Among 12 RCTs reporting the long-term risk of CRC, 9 RCTs^{8,24,25,28,30,31,59–61} comparing 9 interventions with 160,101 participants (Figure 2A) treated for 3.2–10 years were included in the NMA of the long-term CRC incidence. Seven RCTs^{24,25,60–64} comparing seven interventions (Figure 2B) with 24,001 participants treated for approximately 2.6–10 years were included in the NMA of the long-term CRC mortality. Duration of follow-up among these 12 trials ranged from around six to more than 20 years. Mean age of the population was 60 years.
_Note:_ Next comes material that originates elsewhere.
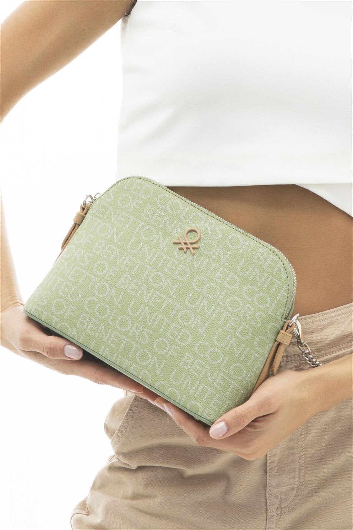 Benetton Zincir Detaylı Çapraz Askılı Çanta Yeşil - Açık Camel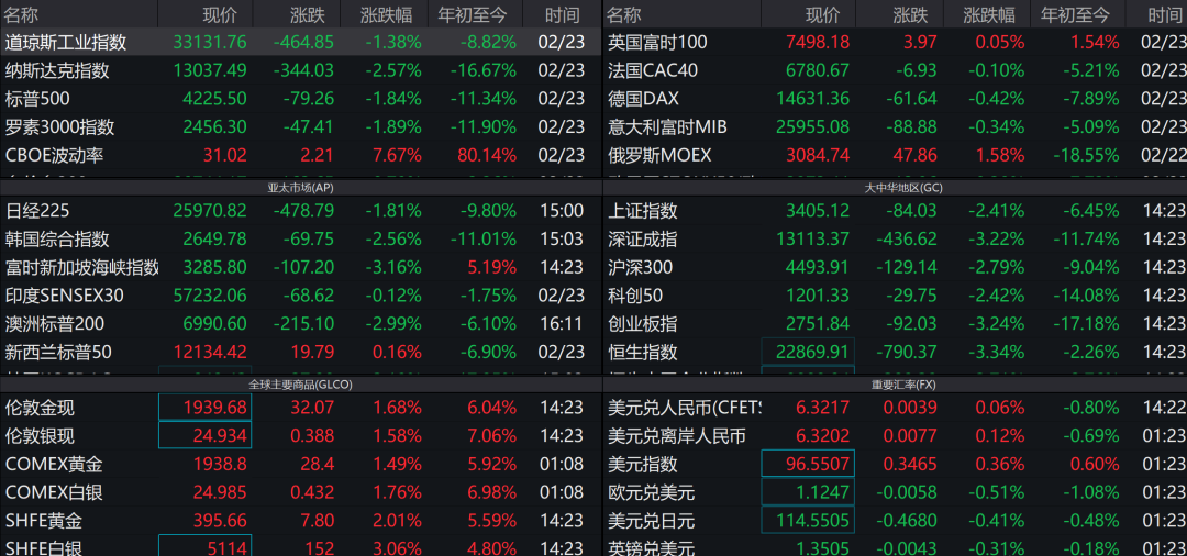 截至目前,美國三大股指均大幅下挫,道瓊斯工業(yè)指數(shù)下挫1.38%、納斯達克指數(shù)下挫2.57%、標普500指數(shù)下挫1.84%;日經(jīng)指數(shù)下挫2.07%,恒生指數(shù)下挫3.25%;中國股指受沖擊亦比較大,上證綜指下挫1.44%、深證成指下挫2.11%、滬深300下挫1.93%、創(chuàng)業(yè)板指數(shù)下挫2.18%。避險資產(chǎn)受追捧,市場對大宗商品價格上行預期亦比較充分,黃金價格大幅抬升,倫敦金現(xiàn)大幅抬升1.77%至1942美元/盎司,美元指數(shù)升至96.64,原油價格突破100。

All trials with long-term follow-up data were double-blinded and placebo-controlled, except one (open control design).²⁴

Figure 2 Network plots of chemopreventive agents tested in RCTS (follow-up 0–≥20 years) for (A) long-term risk of CRC incidence (B) long-term risk of CRC mortality.
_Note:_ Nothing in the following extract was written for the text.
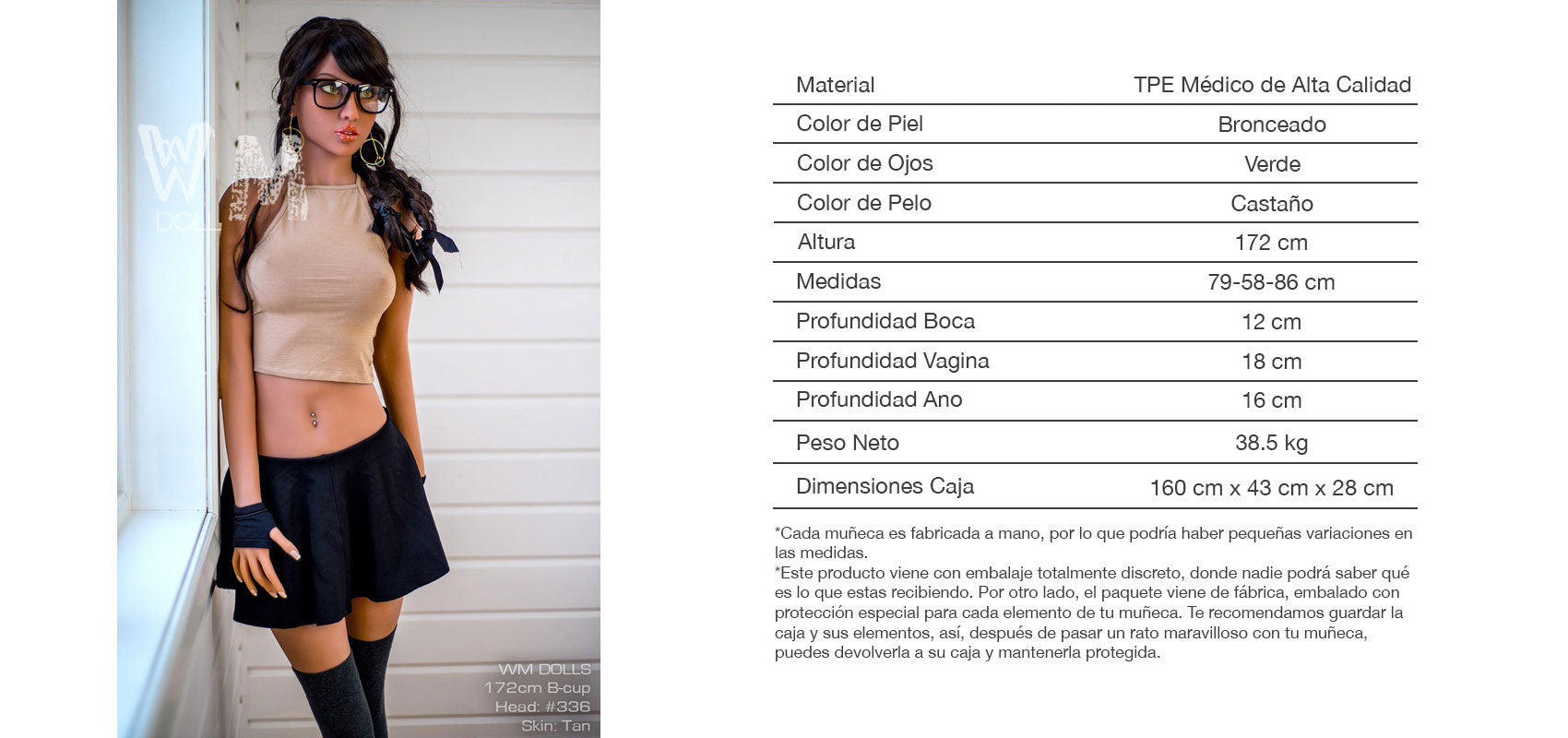 WM Dolls se ha consolidado como una marca líder en el desarrollo de productos realistas, ofreciendo una sex doll utilizando TPE de alta gama, un material suave, elástico e hipoalergénico, ideal para el contacto con la piel. La estructura interna está pensada para mantener firmeza, mientras la superficie imita la piel humana con precisión. Pensada para entregar una experiencia lo más cercana posible al contacto humano real.

Abbreviations: RCT, randomized controlled trials; CRC, colorectal cancer; ASA, asprin; HD, high-dose; LD, low-dose; VLD, very-low-dose; VitaminB12; B6, vitamin B6; CA, calcium; AO, antioxidants; FA, folic acid; VD, vitamin D.

Safety outcomes for aspirin at different doses were available from 25 RCTs (Tables S3.9, S3.10 in Supplement 3), including 11 primary and 14 secondary CVD prevention trials in average-risk individuals for CRC with an average follow-up of 1–10 years. Characteristics of all studies reporting safety outcomes are presented in Table S3.10 in Supplement 3.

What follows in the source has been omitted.